Problem details -
Could you print every entry below exactly as given?

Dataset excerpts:
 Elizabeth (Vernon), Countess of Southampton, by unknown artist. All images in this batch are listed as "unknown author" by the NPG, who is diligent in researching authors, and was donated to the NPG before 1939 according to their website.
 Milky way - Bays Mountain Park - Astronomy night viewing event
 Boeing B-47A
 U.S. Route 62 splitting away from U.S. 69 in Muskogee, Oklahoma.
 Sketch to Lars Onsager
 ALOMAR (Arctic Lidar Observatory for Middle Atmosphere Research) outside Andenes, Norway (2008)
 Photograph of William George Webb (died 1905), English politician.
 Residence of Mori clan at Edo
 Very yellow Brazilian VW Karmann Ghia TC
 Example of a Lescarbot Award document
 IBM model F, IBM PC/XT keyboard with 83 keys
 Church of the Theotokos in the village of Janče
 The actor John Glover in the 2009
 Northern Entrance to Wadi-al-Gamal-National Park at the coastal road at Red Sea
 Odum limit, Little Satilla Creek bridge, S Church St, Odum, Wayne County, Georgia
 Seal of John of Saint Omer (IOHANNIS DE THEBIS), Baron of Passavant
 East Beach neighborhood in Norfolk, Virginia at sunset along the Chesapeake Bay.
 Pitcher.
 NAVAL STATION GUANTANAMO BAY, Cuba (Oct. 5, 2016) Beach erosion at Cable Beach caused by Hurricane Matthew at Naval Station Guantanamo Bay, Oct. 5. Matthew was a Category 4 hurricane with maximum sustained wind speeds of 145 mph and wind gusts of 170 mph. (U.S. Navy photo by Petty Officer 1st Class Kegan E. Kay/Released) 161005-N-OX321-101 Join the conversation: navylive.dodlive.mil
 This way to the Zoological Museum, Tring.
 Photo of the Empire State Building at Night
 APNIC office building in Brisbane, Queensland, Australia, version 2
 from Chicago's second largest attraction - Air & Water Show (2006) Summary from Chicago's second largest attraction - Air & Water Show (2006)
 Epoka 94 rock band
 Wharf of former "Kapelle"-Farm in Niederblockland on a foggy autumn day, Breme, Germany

Finished task -
 Elizabeth (Vernon), Countess of Southampton, by unknown artist. All images in this batch are listed as "unknown author" by the NPG, who is diligent in researching authors, and was donated to the NPG before 1939 according to their website.
 Milky way - Bays Mountain Park - Astronomy night viewing event
 Boeing B-47A
 U.S. Route 62 splitting away from U.S. 69 in Muskogee, Oklahoma.
 Sketch to Lars Onsager
 ALOMAR (Arctic Lidar Observatory for Middle Atmosphere Research) outside Andenes, Norway (2008)
 Photograph of William George Webb (died 1905), English politician.
 Residence of Mori clan at Edo
 Very yellow Brazilian VW Karmann Ghia TC
 Example of a Lescarbot Award document
 IBM model F, IBM PC/XT keyboard with 83 keys
 Church of the Theotokos in the village of Janče
 The actor John Glover in the 2009
 Northern Entrance to Wadi-al-Gamal-National Park at the coastal road at Red Sea
 Odum limit, Little Satilla Creek bridge, S Church St, Odum, Wayne County, Georgia
 Seal of John of Saint Omer (IOHANNIS DE THEBIS), Baron of Passavant
 East Beach neighborhood in Norfolk, Virginia at sunset along the Chesapeake Bay.
 Pitcher.
 NAVAL STATION GUANTANAMO BAY, Cuba (Oct. 5, 2016) Beach erosion at Cable Beach caused by Hurricane Matthew at Naval Station Guantanamo Bay, Oct. 5. Matthew was a Category 4 hurricane with maximum sustained wind speeds of 145 mph and wind gusts of 170 mph. (U.S. Navy photo by Petty Officer 1st Class Kegan E. Kay/Released) 161005-N-OX321-101 Join the conversation: navylive.dodlive.mil
 This way to the Zoological Museum, Tring.
 Photo of the Empire State Building at Night
 APNIC office building in Brisbane, Queensland, Australia, version 2
 from Chicago's second largest attraction - Air & Water Show (2006) Summary from Chicago's second largest attraction - Air & Water Show (2006)
 Epoka 94 rock band
 Wharf of former "Kapelle"-Farm in Niederblockland on a foggy autumn day, Breme, Germany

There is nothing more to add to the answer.